I bagliori dell'Ellisse salirono alle sue spalle, fecero risplendere la forte inclinazione che stava dando alla sua mandibola nera, mentre socchiudeva gli occhi gemmati.

Imprevedibili, viaggiano in una direzione, ma...

Strinsi ancora di più le gambe intorno al suo bacino, facendolo apprezzare in Tarkh, per ancorarmi alla realtà, al noi due, e realizzare che non stavo perdendo né lui né me, anche se dovevo andare.

Dovevo, sì.

... all'improvviso curvano, e si trovano in una opposta.

Non sapevo quando.

Ero in attesa di qualcosa.

«Ester», mi chiamò, invitandomi a restare presente in quel momento, nonostante il riverbero tra noi facesse circolare frattaglie di quello che eravamo, disperdendoci.

Non capisco.

«Tu... devi andare?» Non avvertivo più niente che non fossero trascinanti sensazioni, sue, mie, ero un veicolo di passaggio per uno scambio in cui eravamo insieme. Ero lui, ero me, non ero nessuno, ero entrambi, era difficile cercare equilibrio.

«Io non lo vorrei», rispose.

Il mio respiro si affannò, al movimento impudente che fece per girarmi con sé, e portarmi fino al tavolo, su cui apparvero screzi dorati e luccicanti, polveri che accolsero la mia seduta come su un trono di Saiph.

«Vorresti... restare per la notte?»

Gli occhi di Zeno erano luci dinamiche, il verde e il blu intelavano la mia posizione di rapide possibilità, con le dita affondò nell'oro, scorrendo fino a metterle sulle mie natiche, e avvicinarci.

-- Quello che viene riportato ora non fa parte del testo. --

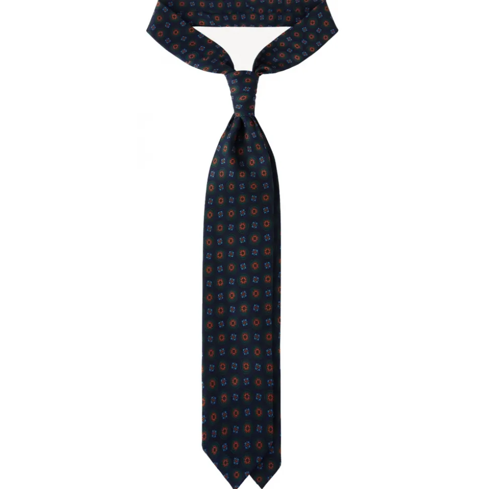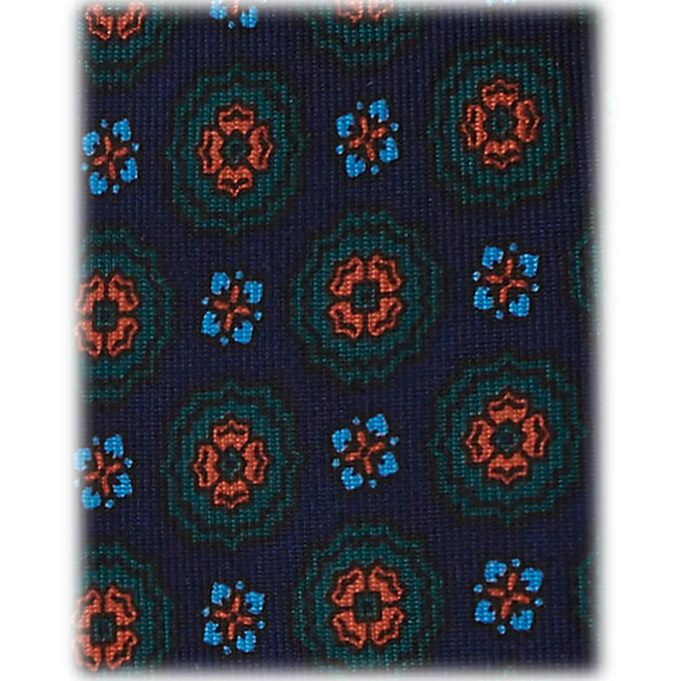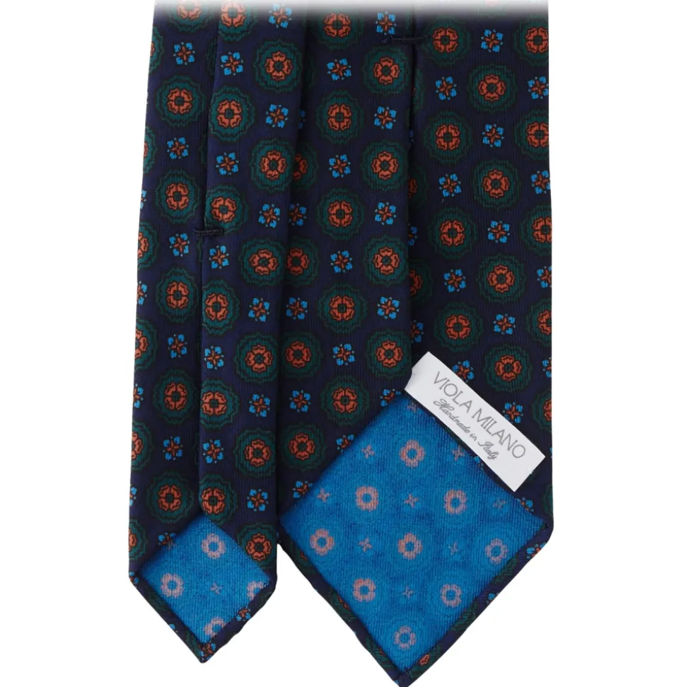 Viola Milano – Mix Flower Handprinted Ancient Madder Silk Tie – Navy – Handmade in Italy – Luxury Exclusive Collection

«Tutta Orione sa quanto vorrei restare.»

Era pungente desiderio.

Carezzevoli aghi di pino nel ventre.

Sollecitazioni che ammorbidivano.

Morsi di belve che rompevano il controllo.

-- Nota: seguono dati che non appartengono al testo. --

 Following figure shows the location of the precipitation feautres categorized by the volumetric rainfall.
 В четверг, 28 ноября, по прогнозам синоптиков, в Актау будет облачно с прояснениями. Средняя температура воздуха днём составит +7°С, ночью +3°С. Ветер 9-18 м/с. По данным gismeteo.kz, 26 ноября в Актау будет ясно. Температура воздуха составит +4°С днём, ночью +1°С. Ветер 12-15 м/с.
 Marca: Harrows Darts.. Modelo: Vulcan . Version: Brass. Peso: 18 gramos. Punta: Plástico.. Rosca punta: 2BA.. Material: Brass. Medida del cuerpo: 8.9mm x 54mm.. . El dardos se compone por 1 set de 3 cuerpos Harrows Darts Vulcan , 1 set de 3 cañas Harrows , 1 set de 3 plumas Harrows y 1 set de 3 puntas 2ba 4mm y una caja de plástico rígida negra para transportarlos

In quella totalizzante magia, erano i suoi, erano i miei, erano i nostri insieme, a tal punto da non riuscire a isolarli nelle loro uniche caratteristiche.

Una mano indorata stazionò all'angolo della mia bocca, mi massaggiò con il pollice, mi fece umettare le labbra per riflesso, mentre il ragazzo che la muoveva mi adombrava di fantasie nere come il suo incarnato.

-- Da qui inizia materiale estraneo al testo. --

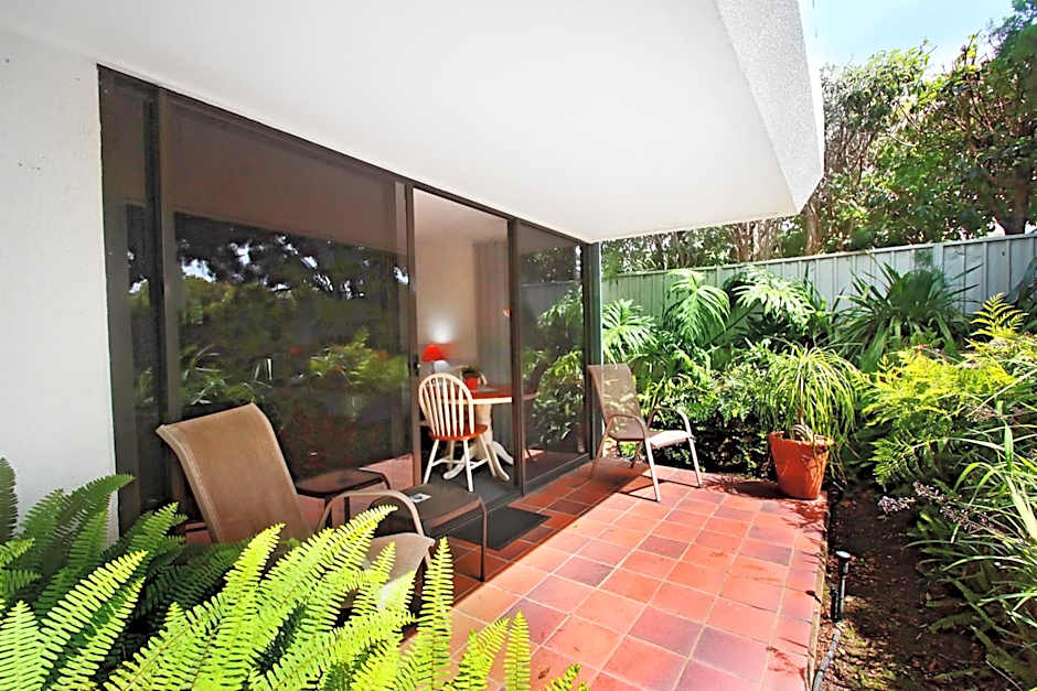 This twin room has 2-king single beds, renovated bathroom, a 32 inch TV with DVD player, dining table and chairs, small bar fridge, desk with lighting and tea/coffee making facilities. Ground floor rooms have a private patio and 1st floor rooms have a private balcony that include outdoor furniture and overlook the garden. This room is located on the roadside of the property. This unit is available for adults only.

Nulla di ciò che vissuto con lui da quando lo avevo conosciuto era mai stato così, la mia percezione di Zeno era ampliata al punto da essere in comunione con quella che avevo di me.

Era una simbiosi di pianeti, una metamorfosi di anime, uno sfaldamento e una ricomposizione dei nostri ego. Resistere accentuava soltanto l'agonia di sentire che potevamo essere uno e invece eravamo ancora due.

Nelle sue iridi, capaci di frazionare e cristallizzare l'intero universo, vi era una forte volontà di piegarsi su di me, di accelerare come una meteora, frenata da una inevitabile collisione.

«Ti sento battere, Ester», ammisero le sue labbra, scendendo in un soffio e deviando fino al mio orecchio. «Stai battendo ovunque in me, stai battendo in un modo che mi sta facendo davvero impazzire

Prese il mio lobo tra i denti e lo tirò a sé, facendomi sospirare tra i suoi capelli biondo cenere, sospiri di sollievo che contrastavano ciò che continuavo ad avvertire di lui.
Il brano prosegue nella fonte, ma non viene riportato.